Re: [MathML3-last-call] mathvariant from Sam Dooley on 2009-09-28 (www-math@w3.org from September 2009)

From: Sam Dooley <sam@integretechpub.com>
Date: Mon, 28 Sep 2009 11:04:41 -0600
To: Karl Tomlinson <w3@karlt.net>, www-math@w3.org
Cc: Jacques Distler <distler@golem.ph.utexas.edu>
Message-Id: <200909281717.n8SHH6dQ020324@parzival.integretechpub.com>
The intent of the mathvariant attribute is to provide a markup solution
to represent mathematical characters in a way that protects them from
accidental style changes.

There are three cases:

(1) Mathematical characters that have assigned code points in the SMP.

The mathvariant attribute provides a way to encode these characters
using only 16-bit data values.

So <mi mathvariant="bold">A</mi> means the same as <mi>&#x1D400;</mi>.

(2) Mathematical characters that have assigned code points in the BMP.

These are the "holes" in the alphabets in the SMP, because they were
deemed equivalent to characters that were already in the BMP.

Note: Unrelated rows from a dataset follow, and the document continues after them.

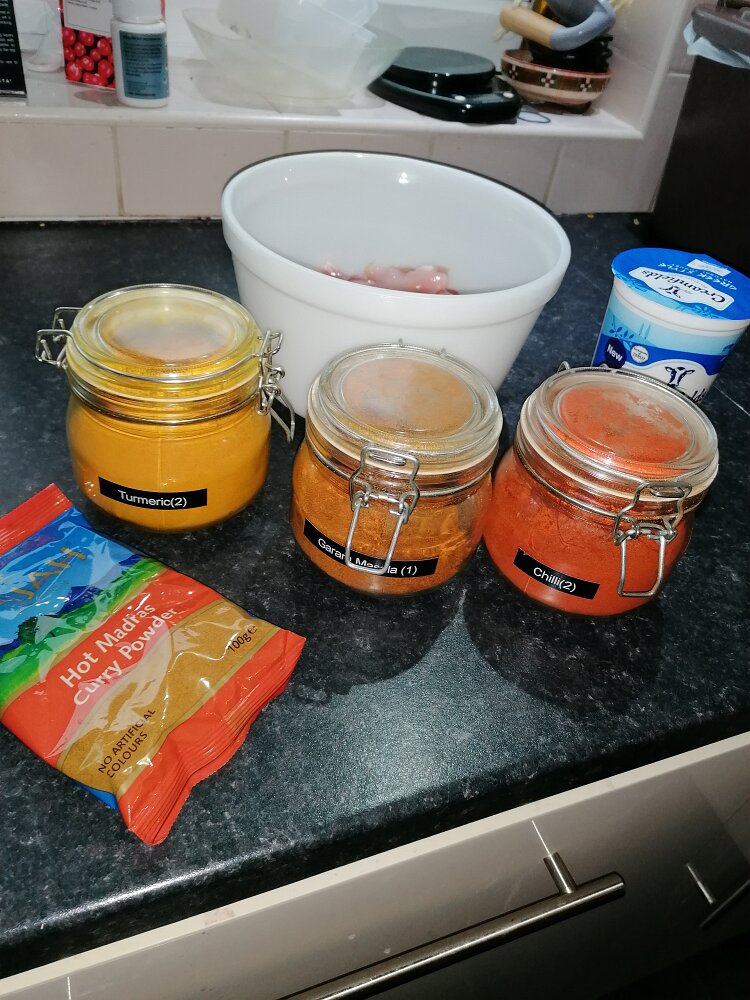 IMG_20210314_203651IMG_20210314_203701IMG_20210314_203941IngredientsChicken Marinated with spices shown - Garam Masala not used.Chicken marinated for a couple of hours, now frying it.Chicken done - Veggies turnhttps://www.youtube.com/watch?v=fh3VDTKPwuQ&t=916s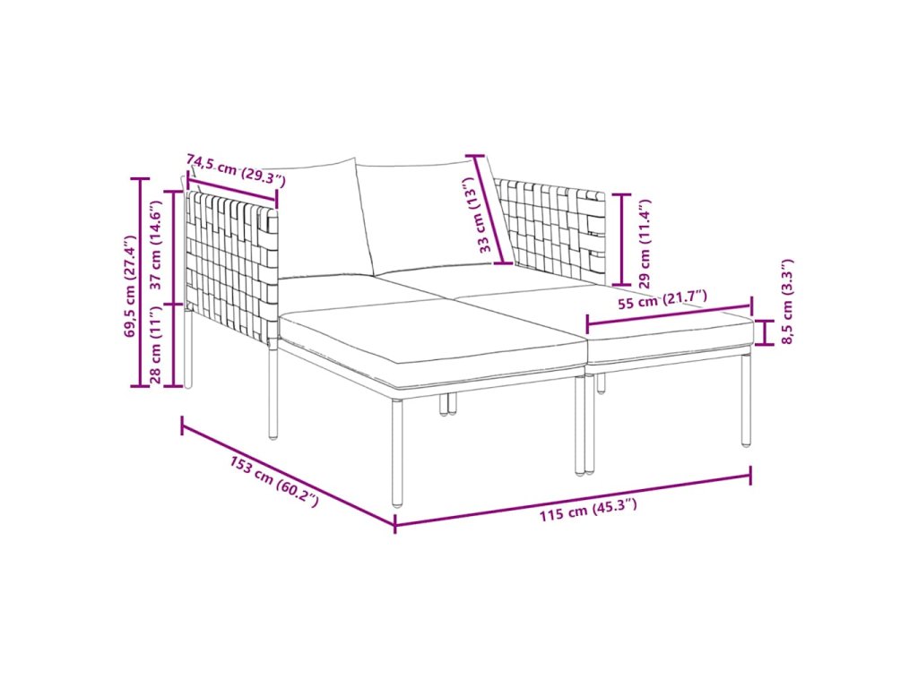Lehátko na slnenie s vankúšom Antracit 153 x 115 x 69.5 cm 42004136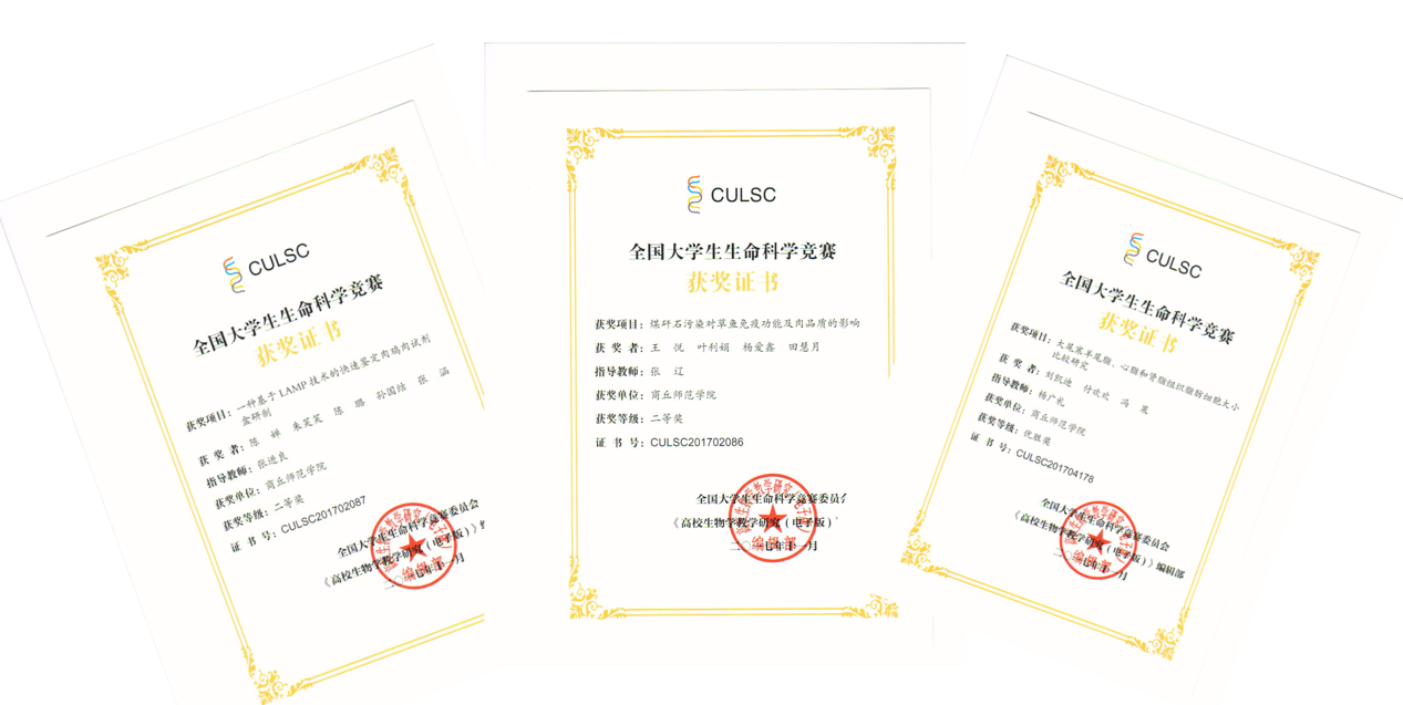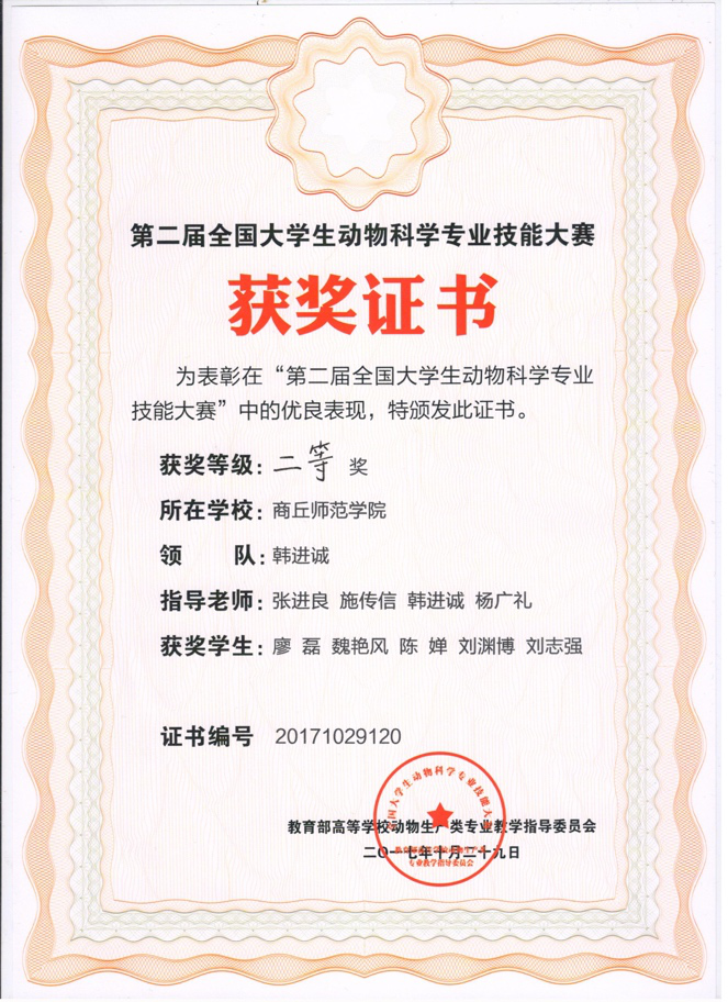 动物科学教师获得法国巴黎第十二届世界农场动物福利奖金猪奖1项,全国老员工动物科学专业技能大赛二等奖1项,全国老员工生命科学竞赛二等奖3项、优胜奖1项,全国老员工生命科学创新创业大赛二等奖1项、三等奖3项。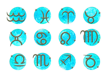 Set of simple stroke zodiac signs on watercolor vector circles background. Bright, colorful round shapes blue. Isolated on white background

The mathvariant attribute provides an alternate way to encode these
characters, even though they really don't need it.  The exact list
of these characters is given in chapter 7.

So <mi mathvariant="script">h</mi> means the same as <mi>&#x211B;</mi>.

(3) Mathematical characters that have no assigned code point.

The mathvariant attribute provides a way to encode characters that
could not be encoded otherwise.

So "bold italic dotless i" does not have an assigned code point, but
makes perfect sense (to me at least) as a mathematical character.
A renderer should feel free to do the reasonable thing if it sees
<mi mathvariant="bold-italic">&#x131;</mi> and it has a font that
contains it.

A "sans-serif alpha" as a mathematical character is another example.
Each implementor should choose what combinations to support, but I
could make different choices than someone else.  We should be able
to agree on characters related to the alphabets in U+1D400-U+1D7FF,
as described above, but beyond that I would expect support to vary,
perhaps widely.


So I agree that the wording of the spec should be clarified
in a few places:

(1) The spec should be more clear about when the mathvariant value
identifies a distinct mathematical character, whether or not it has
its own Unicode code point.  Perhaps just to say that mathvariant
values can be used with Basic Latin (U+20-U+7E), Greek capital/
small/symbol, dotless i/j and digamma BMP characters to encode a
mathematical character.

(2) The spec should not say to ignore mathematical characters that
do not have an assigned code point, such as bold italic dotless i
or sans-serif alpha, but should warn that such characters may not
be widely supported by existing fonts.

(3) The spec should provide a definition of mathvariant that is not
dependent on a specific version of Unicode, other than to say that
if new Unicode characters are introduced in the future, they may be
considered to be equivalent to an existing mathvariant encoding for
the character.

(4) The spec should clarify that the intent is not to transform
character code points from the BMP into the SMP, but to provide
a markup solution to represent mathematical characters that may
or may not have a simpler representation as a Unicode code point.

(5) The spec should clarify that when the mathvariant attribute is
applied to a Unicode code point that already identifies a mathematical
character, that the mathvariant implied by the code point overrides
any external mathvariant value.

So <mi mathvariant="bold">&#x210E;</mi> should be equivalent to
<mi mathvariant="italic">h</mi>, as implied by U+210E, and if you
want the bold italic h, use <mi mathvariant="bold-italic">h</mi>
or (equivalently) <mi>&#x1D489;</mi>.

In a sense, the intended mapping could be described as transforming
from (BMP + SMP) into (mathvariant x BMP), where the reverse mapping
is not always defined, even for the alphabets of interest.  But I
don't mean to suggest that any specific implementation should turn
out to be better or worse than any other.

These opinions represent my current understanding of the spec, and
are almost certainly not shared by the working group.

Sam
Received on Monday, 28 September 2009 17:18:02 UTC